San Gimignano najlepiej zwiedzać wcześnie rano, lub pod wieczór gdy turystów jest trochę mniej. Warto pamiętać, że większość restauracji zamyka swoją kuchnię przed godziną 22:00, potem serwowane jest jedynie picie oraz małe przekąski. Będąc w San Gimignano koniecznie spróbujmy znakomitego wina z wieloletnią tradycją – Vernaccia di San Gimignano, pierwsze winnice powstawały już w XIII wieku, obecnie za produkcję wina odpowiada konsorcjum Consorzio della Vernaccia.
II. Monteriggioni
Niewielkie miasteczko usytuowane na toskańskim wzgórzu, inaczej mówiąc mini twierdza z murami i czternastoma wieżami obronnymi. Odrazu po przekroczeniu bramy wchodzimy na jedyny główny plac tzw. Piazza Roma z centralnie położoną studnią charakterystyczną dla tamtego okresu, tu znajduje się również kościół Santa Maria Assunta. Na placu tym warto skosztować wspaniałego toskańskiego jedzenia w restauracji Antico Travaglio . Restauracja ta oferuje zarówno dania na zimno np. duży talerz regionalnych serów, mięs, warzyw jak i pyszne pasty w różnych rodzajach (tutaj można zasmakować wyjątkowej wołowiny tzw. chianiny). Naprawdę polecam wszystkim to miejsce, niestety trudno jest znaleźć wolny stolik (istnieje możliwość rezerwacji zarówno poprzez aplikacje TripAdvisor jak i telefonicznie).

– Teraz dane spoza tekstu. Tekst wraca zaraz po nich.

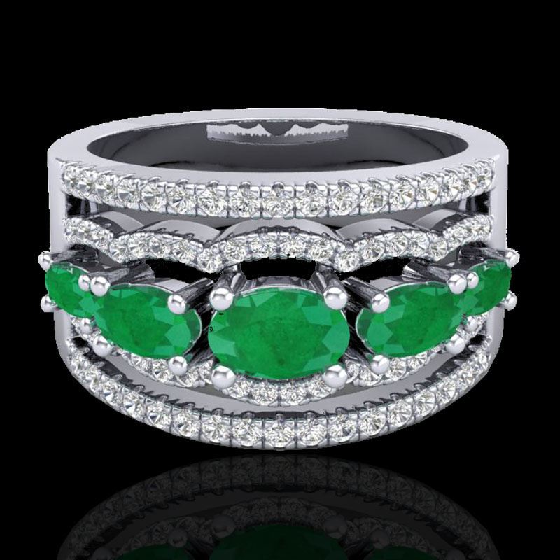 REF-71F3N -20800 ---- 2.25 CTW Emerald & Micro Pave VS/SI Diamond Designer Ring 10K White Gold ---- Luxury Designer Brand Ring Appraised at $4,700 Certificate Number US20800 10k White gold, Ring Size is 7, Ring measuring approx. 7/16"X7/16" , weighing in total approx. 6.5 grams. Made in the USA and is stamped 10k, Main stone 1.65 carat total weight containing 5 pieces of Intense Green color with AAA quality Oval shape cut Emerald , Stone #2 0.6 carat total weight containing 68 pieces of H-I color with VS/SI quality Round shape cut Diamond
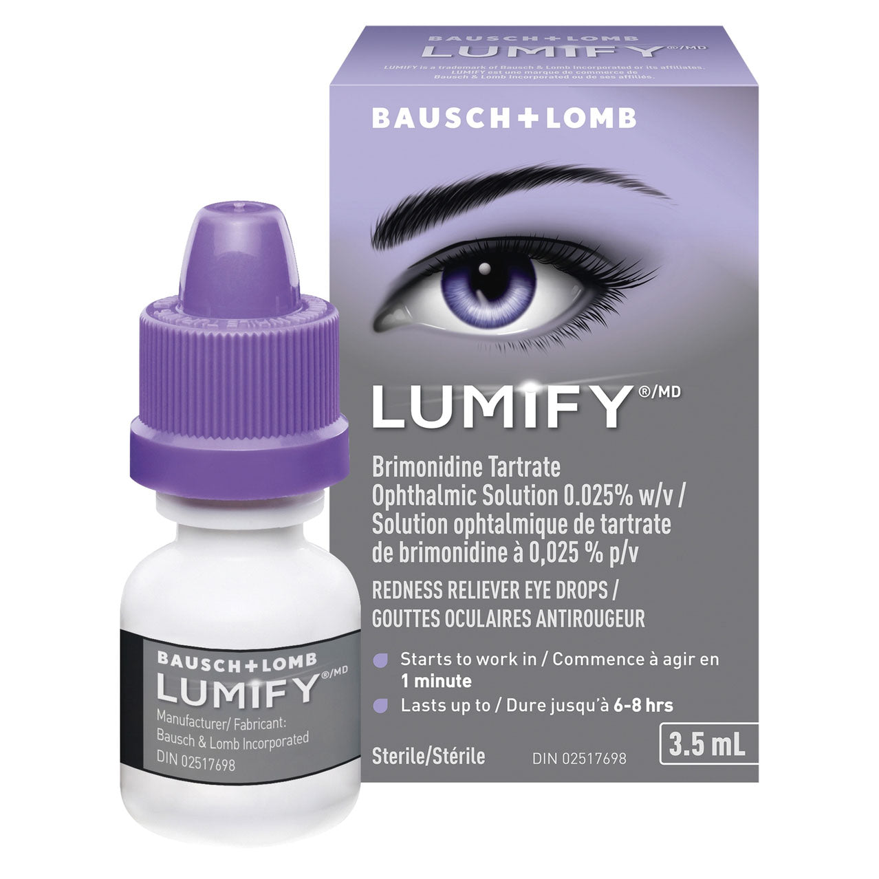 Health Canada Approved Health Canada has approved Bausch + Lomb's LUMIFY® (brimonidine tartrate ophthalmic solution 0.025%) as the first and only over-the-counter eye drop developed with to relieve eye redness in Canada!

Całe miasteczko jest tak małe, że można je zwiedzić w kilkanaście minut. Będąc w Monteriggioni warto przejść się murami dookoła, posiedzieć na głównym placu relaksując się piękną niezniszczoną, a co najważniejsze nie zmienioną zabudową od XIV wieku. Monteriggioni zastało wykorzystane przez producenta gier komputerowych Assassin’s Creed (wiernie odzwierciedlone całe miasto w grze), tutaj także promowali swoje auta tacy producenci jak – Fiat, Volvo i Citroen. W okresie letnim odbywają się w Monteriggioni różne festyny upamiętniające średniowieczne wydarzenia. Podczas mojego pobytu trafiłem na koncert gry na akordeonie, który zgromadził wielu mieszkańców okolicznych winnic i posiadłości.
III. Volterra
Miasto położone na wysokości 550 m n.p.m. założone przez Etrusków, otaczają je kamienne mury. Jest ono połączeniem tego co najlepsze, czyli takich miast jak Siena, San Gimignano oraz Montepulciano. Z tego miejsca rozpościera się wspaniały widok na Toskanie, szczególnie o zachodzie słońca. Aby dojechać do miasta trzeba pokonać naprawdę strome wzniesienia, auto najlepiej pozostawić na parkingu przy punkcie widokowym Via Porta all’Arco.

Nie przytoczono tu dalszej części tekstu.